The public wasn’t yet ready to accept her as an adult. When released in 1950
Conspirator
bombed at the box office, but
Variety
applauded her first effort in a romantic lead, writing, “Elizabeth Taylor comes out with flying colors.” Metro was ecstatic, especially when her bathrobe fell open during a scene with Robert Taylor and the full extent of her breast development became apparent. Viewing the rushes, rutting studio executives rejoiced at the evidence of a full-blown love goddess and the promise of a string of box-office bonanzas. Executive Ben Goetz thought her “so beautiful and so capable there’s no doubt she will develop into one of the greatest stars the screen has known.” Since it was still the post-Victorian, pre–1960s era of timidity, prudishness, and censorship, MGM reluctantly decided to scrap the scene and have it reshot. The original negative was destroyed.

One day she met British matinee idol Michael Wilding, who was filming at the same studio and had eyes that were aqua-blue, her favorite color. Until then, she’d been writing Davis nightly, but soon she was haunting Wilding’s set. Though smitten by her beauty, he remained somewhat aloof, mindful that he was thirty-six and she was sixteen.
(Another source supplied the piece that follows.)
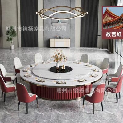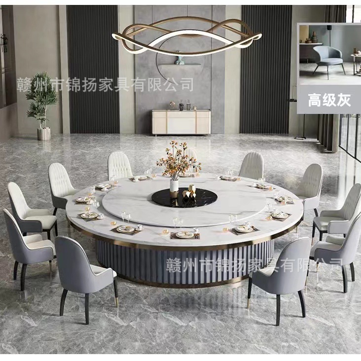 Đá phiến xoay tự động bàn ăn khách sạn bàn ăn Hàng đẹp đơn giản sang trọng lớn bàn tròn khách sạn hộp nhà hàng nhà phòng khách bàn ăn

Estranged from his wife, actress Kay Young, Wilding was dating the bisexual Marlene Dietrich, and he’d been emotionally attached to Stewart Granger since they’d first met in 1930. Wilding had every reason not to complicate his life even further, and noted that Elizabeth “was writing to her soldier boy and among other things she was going to balls. Lord Mount-batten gave one for his daughter Pamela, and on that occasion I was very aware of young Miss Taylor dancing with Prince Philip.”
25
Earlier, at a command performance of Metro’s
That Forsythe Woman
, Elizabeth had been presented to the Prince; his new wife, Princess Elizabeth, the future Queen of England; and her parents, the reigning monarchs. Standing in the reception line next to Myrna Loy, Elizabeth said she was sick from food poisoning and afraid of throwing up on the King. As Their Majesties approached, Myrna reassured Elizabeth by saying she felt a little queasy herself, and the introductions went off without a hitch.

On leaving for America, she stood on tiptoe to kiss Wilding goodbye. “I kissed her very thoroughly,” he recalled. Back in the United States, she celebrated her seventeenth birthday on February 27, 1949, at a party at her great-uncle Howard Young’s home on Star Island, near Miami Beach. A well-known and very successful art dealer, Young had long been a mentor of Elizabeth’s father, Francis, and had helped him get established in the art world. Though Elizabeth’s parents had always benefited from Young’s largesse, Francis had never duplicated Young’s success, and at present was almost entirely dependent on Elizabeth for money.